Selected publications are highlighted. (^*Equal contribution. ^✝Project lead. ^✉Corresponding author.)

	GeoWorld: Geometric World Models Zeyu Zhang, Danning Li, Ian Reid, Richard Hartley *CVPR 2026* GeoWorld introduces hyperbolic energy-based world models with geometric reinforcement learning, enabling stable long-horizon visual planning and hierarchical reasoning, outperforming V-JEPA-2 on CrossTask and COIN benchmarks.
	Decoupling Defense Strategies for Robust Image Watermarking Jiahui Chen, Zehang Deng, Zeyu Zhang, Chaoyang Li, Lianchen Jia, Lifeng Sun *CVPR 2026* AdvMark decouples defenses via two-stage fine-tuning, preserving clean accuracy while achieving strong robustness against adversarial, distortion, and regeneration attacks overall.
	StereoAdapter: Adapting Stereo Depth Estimation to Underwater Scenes Zhengri Wu^, Yiran Wang^, Yu Wen^, Zeyu Zhang^✝, Biao Wu, Hao Tang^✉ *ICRA 2026* StereoAdapter is a self-supervised adaptive model that allows robust underwater depth estimation.
	VaseVQA-3D: Benchmarking 3D VLMs on Ancient Greek Pottery Nonghai Zhang^, Zeyu Zhang^✝, Jiazi Wang^, Yang Zhao, Hao Tang^✉ ICLR 2026* VaseVQA-3D introduces the innovative 3D visual question-answering dataset for ancient Greek pottery, featuring 664 annotated vase models, while VaseVLM is a domain-adaptive vision-language model trained for cultural heritage analysis.
	Motion-R1: Enhancing Motion Generation with Decomposed Chain-of-Thought and RL Binding Runqi Ouyang, Haoyun Li, Zhenyuan Zhang, Xiaofeng Wang, Zeyu Zhang, Zheng Zhu, Guan Huang, Sirui Han, Xinggang Wang *ICLR 2026* Motion-R1 combines decomposed Chain-of-Thought reasoning with reinforcement learning to better capture temporal causality in text-to-motion generation, achieving state-of-the-art quality and alignment across benchmarks.
	HiVid: LLM-Guided Video Saliency For Content-Aware VOD And Live Streaming Jiahui Chen, Bo Peng, Lianchen Jia, Zeyu Zhang, Tianchi Huang, Lifeng Sun *ICLR 2026* HiVid uses LLMs as human proxies to generate chunk-level importance weights for VOD and live streaming, improving QoE via perception, global ranking, and low-latency prediction.
	FlashMo: Geometric Interpolants and Frequency-Aware Sparsity for Scalable Efficient Motion Generation Zeyu Zhang^, Yiran Wang^, Danning Li^, Dong Gong, Ian Reid, Richard Hartley NeurIPS 2025* FlashMo introduces a geometric factorized interpolant and frequency-sparse attention, enabling scalable efficient 3D motion diffusion.

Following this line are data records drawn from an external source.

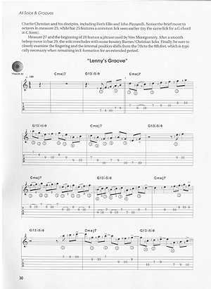 Do you want to develop greater fingerboard familiarity and improvisational fluency, and learn a lot of licks at the same time? Then, regardless of your level, this book is for you. The goal of this book is to demonstrate how fingerings can be applied in a realistic jazz setting, and to help players get a better handle on negotiating the guitar's fingerboard and improvisation in general, while learning a hip solo over a cool background. This book has a number of dynamic features, including... - A methodical, position by position look at improvisation. - A focus on phrasing. - Cool, repetitious grooves that give the player a chance to develop skills without the added complication of having to change to a new scale or key center. - Swinging solos that cover the range of a given fingering or position. - Formulas for the major modes and a variety of other scales. Each solo contains a number of hip phrases, licks, and patterns that take advantage of the related scale position and fingering. In addition to developing fingerboard familiarity and improvisational skills, the solos also provide good sight-reading material.
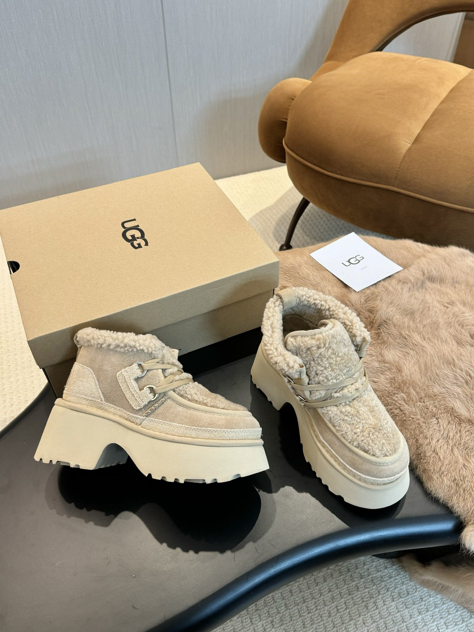 这款鞋子是AAAAA 1:1 质量 (非常棒). 使用了和原版一模一样的材料. 商标部分也保持了和UGG雪地靴一样. 图片拍摄是实物鞋子拍摄, 您所收到的实物保证和我们图片一模一样.
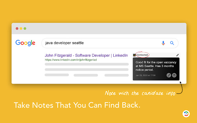 在 Linkedin 个人资料上做笔记并将其与 Google 搜索结果同步。组织您的采购!

Experiments show superior quality, efficiency, and scalability over state-of-the-art baselines.
	FPSAttention: Training-Aware FP8 and Sparsity Co-Design for Fast Video Diffusion Akide Liu^, Zeyu Zhang^, Zhexin Li, Xuehai Bai, Yuanjie Xing, Yizeng Han, Jiasheng Tang, Jichao Wu, Mingyang Yang, Weihua Chen, Jiahao He, Yuanyu He, Fan Wang, Gholamreza Haffari, Bohan Zhuang *NeurIPS 2025* *Spotlight* FPSAttention is a training-aware FP8 quantization and sparsity co-design for video diffusion models that achieves up to 7.09x kernel speedups and 4.96× E2E speedups without quality loss by aligning 3D tile granularity, denoising-step adaptation, and hardware-efficient kernels.
	ZPressor: Bottleneck-Aware Compression for Scalable Feed-Forward 3DGS Weijie Wang, Yuedong Chen, Zeyu Zhang, Duochao Shi, Akide Liu, Bohan Zhuang *NeurIPS 2025* ZPressor is an architecture-agnostic module that compresses multi-view inputs for scalable feed-forward 3DGS.
	TRiCo: Triadic Game-Theoretic Co-Training for Robust Semi-Supervised Learning Hongyang He, Xinyuan Song, Yangfan He, Zeyu Zhang, Yanshu Li, Haochen You, Lifan Sun, Wenqiao Zhang *NeurIPS 2025* TRiCo introduces a triadic game-theoretic co-training framework with two students, a meta-learned teacher, and an adversarial generator, leveraging mutual information pseudo-labeling to achieve state-of-the-art semi-supervised learning performance.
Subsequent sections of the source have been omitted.